Başka bir merdiven boşluğunu daha dönünce karanlık, bir perde misali etrafımı çevirdi.Elimi duvarda tutuyordum,bu ve döşeme merdivenlerin yüksekliği beni düşmekten alıkoyan tek şeylerdi.Uzun bir süre bu şekilde ayaklarımı sürüdüm.Birçok kere vazgeçip dönmeyi düşündüm,ama bunun belki de beni manastıra getirenler gibi başka bir test olabileceğine kanaat getirdim.Kol saatimin hafif parlak göstergeleri bana iki saatin geçtiğini söylüyordu,ve kulaklarım bir saat önce bir şeyler işitmeyi kesmişti.Ne kadar derinde olduğumu anlayamıyordum,ama bu kesinlikle deniz seviyesinin altındaydı.
Ağzım kurumuştu.O kahveyi kabul etmiş olmayı dilerdim,veya inmeye başlamadan önce bir şey yiyip içmeyi.Şimdi soğuktu,beni ürpertecek ve yanıma ceket almadığıma lanet okutacak kadar soğuktu.
Dişlerim kontrolsüzce titremeye başladığında yüzeye dönmenin düşünceleri güçlendi.Karanlık çok bunaltıcıydı,çok soğuktu.Ama döşeme merdivenlerde üç saat yukarı çıkma düşüncesi karnımı korku ve yorgunluk hissi ile sarstı.
Yine de bir karar vermem gerekiyordu,.Yoluma devam ettiğim sürece geri dönüş o kadar uzayacaktı.
Elbette bunun bir sonu olması gerekiyordu?
Sonunda bu merdivenleri inşa edenler dağın ana kayasını geçemeyip durmak zorunda kalmışlardı.
Ve o anda bunları düşünürken son adımımı attım.Ayağım havada asılı kalmıştı,ama onu geri çekemeyecek kadar yorgundum.Saatlerdir ellerim duvarda adım atarak bir trans yaşıyordum.
Dengemi kaybederek yumuşak duvarı tırmaladım,tırnaklarımı taşa geçirmeye çalıştım.
 Ama boşunaydı.
 Ürpertici karanlığa düşerken korkum kabardı,kozmozdan daha soğuk bir hava kütlesi bağırsaklarımdan kalkıyor ve ciğerlerimi sıkıştırıyordu.Dudaklarımdan bir çığlıkla püsküren dehşet o kadar sesliydi ki beynimi delip bilincimi uzaklaştırdı.

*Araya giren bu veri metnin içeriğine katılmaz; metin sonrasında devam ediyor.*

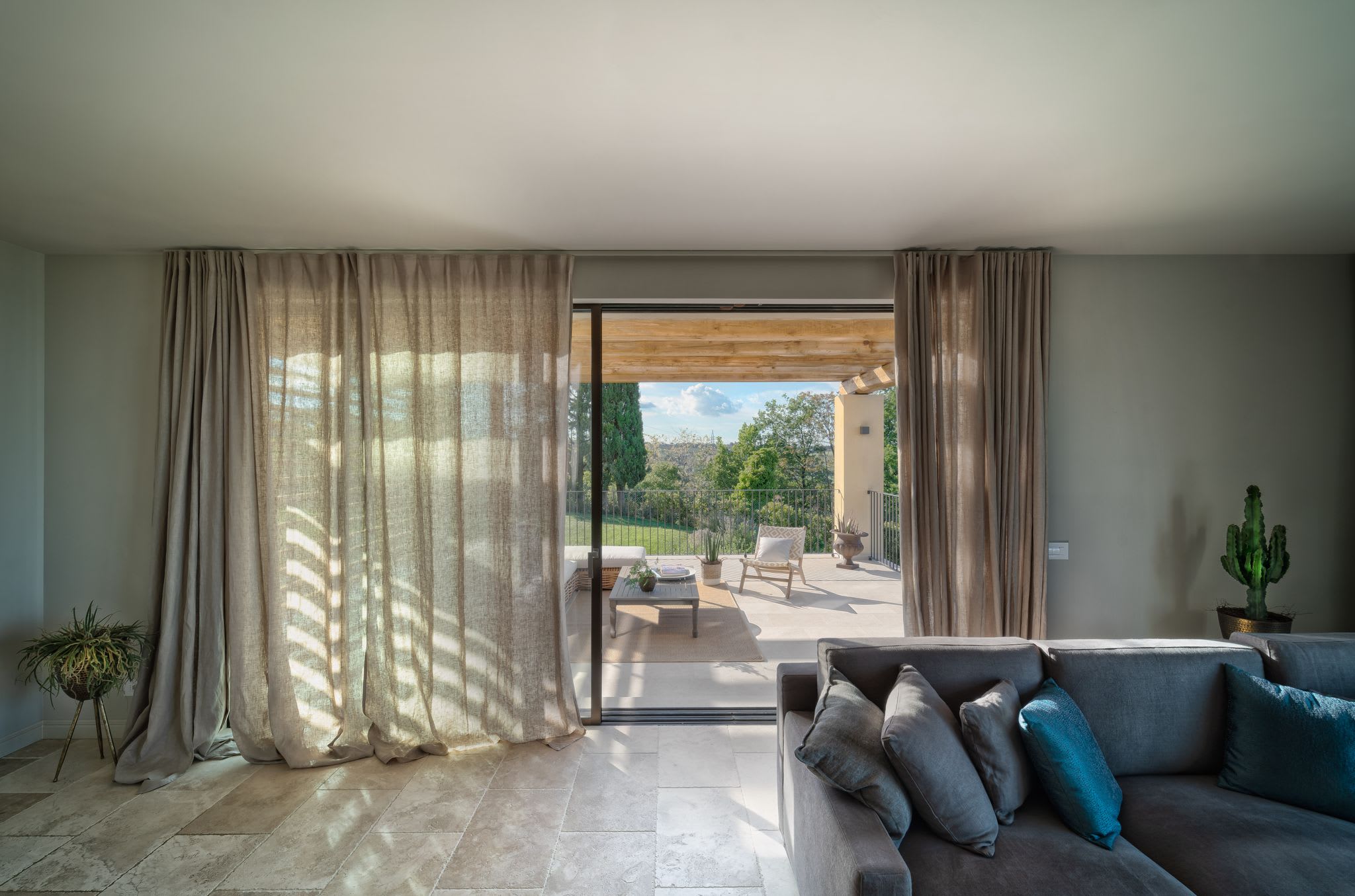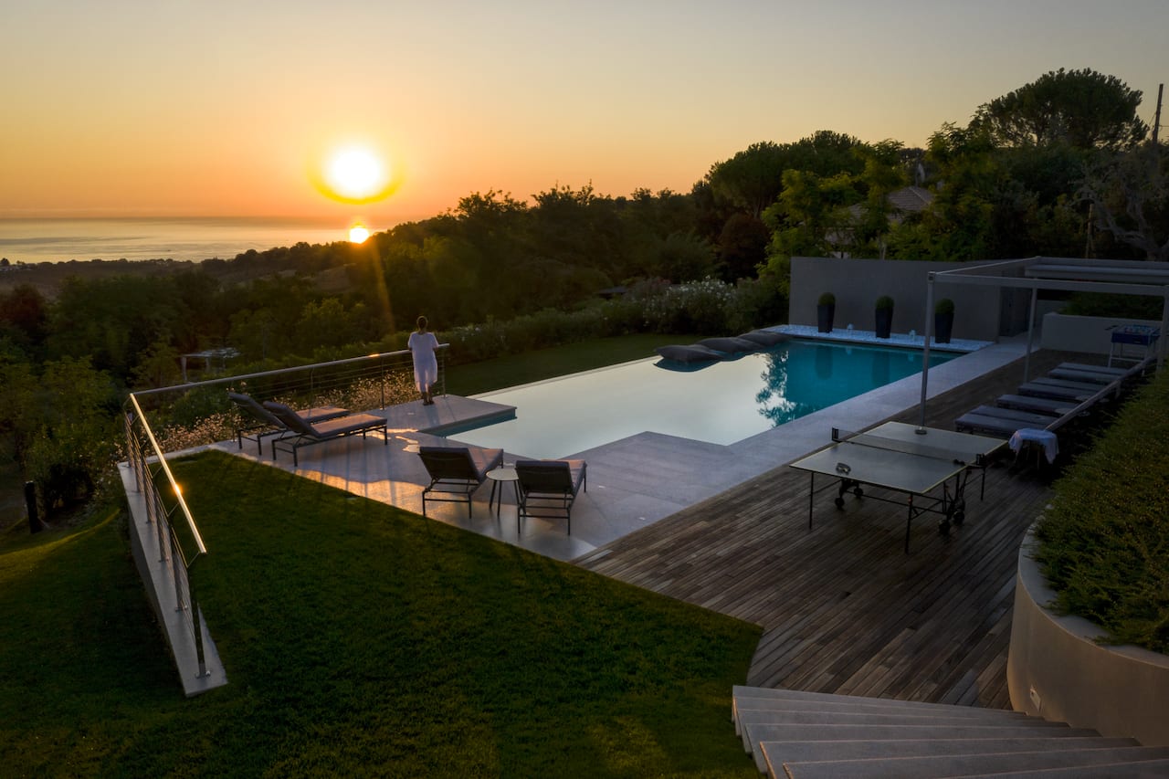 Sliding glass doors link the exterior and interior living spaces creating one massive living space. Outside, there is an infinity swimming pool (12m x 6m) that enjoys views over vineyards and olive groves towards the sea, along with numerous outdoor seating areas. A sleek, contemporary sundeck adjacent to the pool is equipped with 12 sun loungers along with a shower. The owners have also ensured that the areas around the pool and gardens have excellent WIFI so that you can stay connected wherever you are.

 Hücre karanlıktı.Kahrolası bir parıltı tavandaki kızıl renkli donuk kuvarsten sızıyor,fotoğrafların yıkandığı karanlık bir odadaki bir ampulden daha az miktarda ışık sağlıyordu.Kapı yoktu,sadece yumuşak siyah taştan duvarlar vardı.Üzerinde yattığım döşek duvarla aynı taştan yapılmış gibi duruyordu.
Yatağın ayak ucunda temizce istiflenmiş kıyafetler vardı,hepsi en koyu siyahtan;bir cübbe,eldivenler,ve bir çift çarıktı.Üzerimde hala kendi kıyafetlerim vardı fakat hücrenin içi soğuktu ve siyah elbiseler yumuşak ve sıcak görünüyordu.
İçeri girmenin bir yolu vardır diye düşündüm,yoksa beni içeri naslıl sokacaklardı?Belki tüm duvar bir kapıydı,menteşeleri kurnazca köşelere gizlenmişti.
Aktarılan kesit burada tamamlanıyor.